С вечера забеспокоилась и корова, Рябая или Милка, смотря как под настроение хозяйки. Ненене и однорогая Милка жили вместе, в хате. Так Ненене было веселее. Взяла она Милку телушкой, колхоз пожалел, выделил. Выходила, выкормила из соски, телушка была лас­ковой, аккуратной. Но весной случилась беда, Ненене беда, людям смех. За зиму телушка выросла в телку, в корову, приспел час пу­стить ее на траву, а она не пролазит в дверь. Пришлось звать Маха­хея, подрубать стену. Исстрадалась, пока Махахей рубил проем. Мил­ка одинаково боялась что мужика, что топора, шума, дрожала мелкой дрожью, слюной обвесила весь угол. Не по себе было и Ненене от здорового мужика в доме, от того, как из-под его топора летела белая плоть дерева, как податливо было это дерево топору. Быть может, по этой Причине Ненене вновь поставила Милку на зиму в хату. Быть может, по этой же причине от злых языков пошла гулять по селу поголоска: монашка.

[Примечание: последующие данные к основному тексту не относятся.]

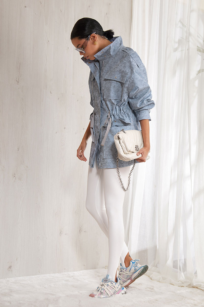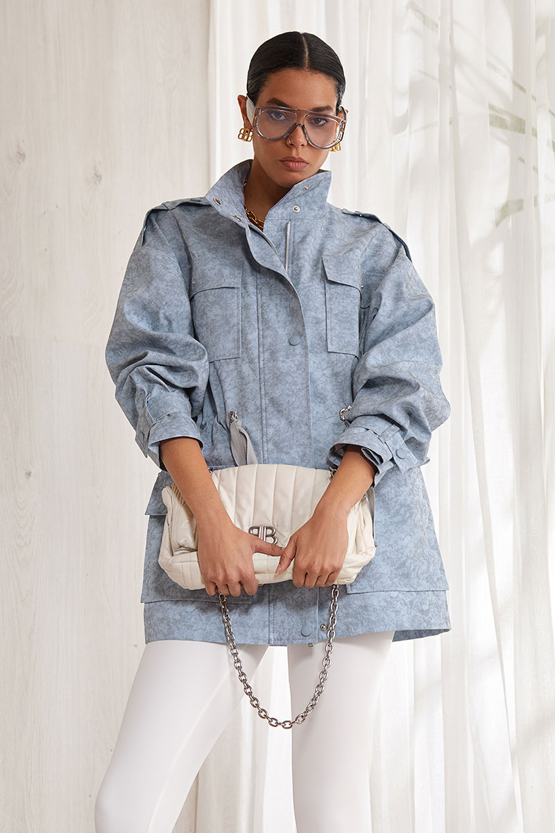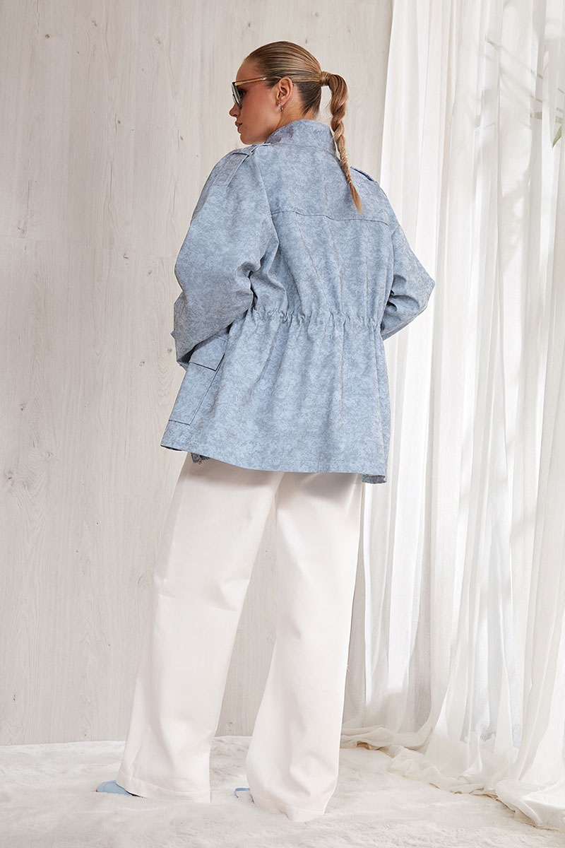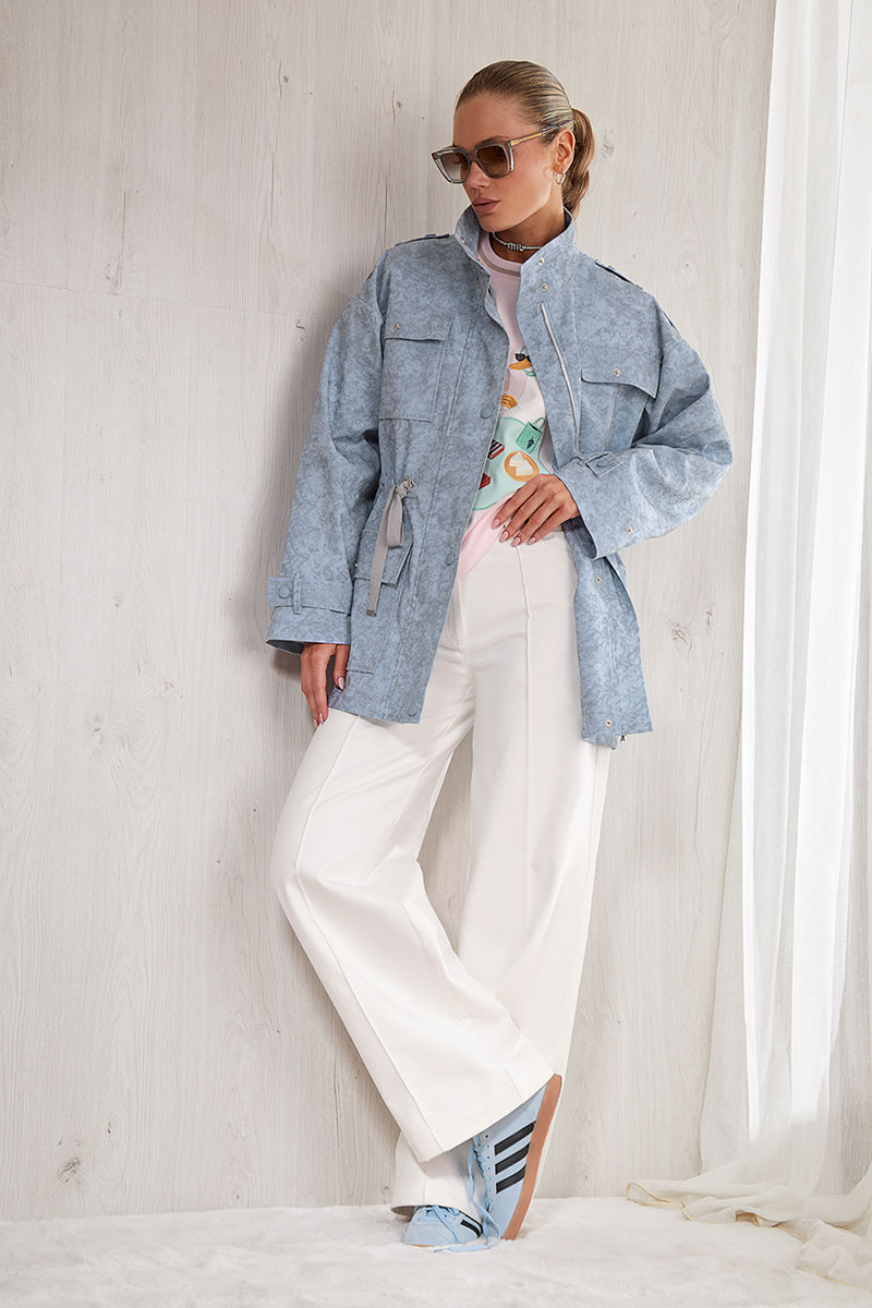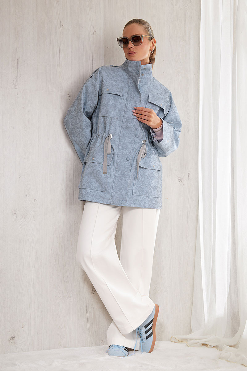 Куртка прямого силуэта, длиной ниже линии бедра. Центральная бортовая застежка на молнию и дополнительно изделие застегивается на кнопки. На полочке накладные карманы с клапанами. Спинка прямая с отрезной кокеткой. По талии выполнена кулиса, в которую вставлена резинка, для регулировки изделия по фигуре и декоративные шнурки. Спущенная линия плеча. Длинный прямой рукав с декоративными патами. По линии плеча вставлена декоративная пата. Воротник - высокая стойка.

А какая она, прости господи, монашка. Ну, было время, зашла пару раз в молельный дом в соседнем селе. Привели ее туда люди, горе дорогу показало.

Испуганно взмыкнув, засопела, поднялась на ноги корова. Днями она должна была растелиться, и Ненене сначала обеспокоилась, но потом вспомнила, что с вечера глядела корову и сегодня за нее вроде бы еще рано переживать.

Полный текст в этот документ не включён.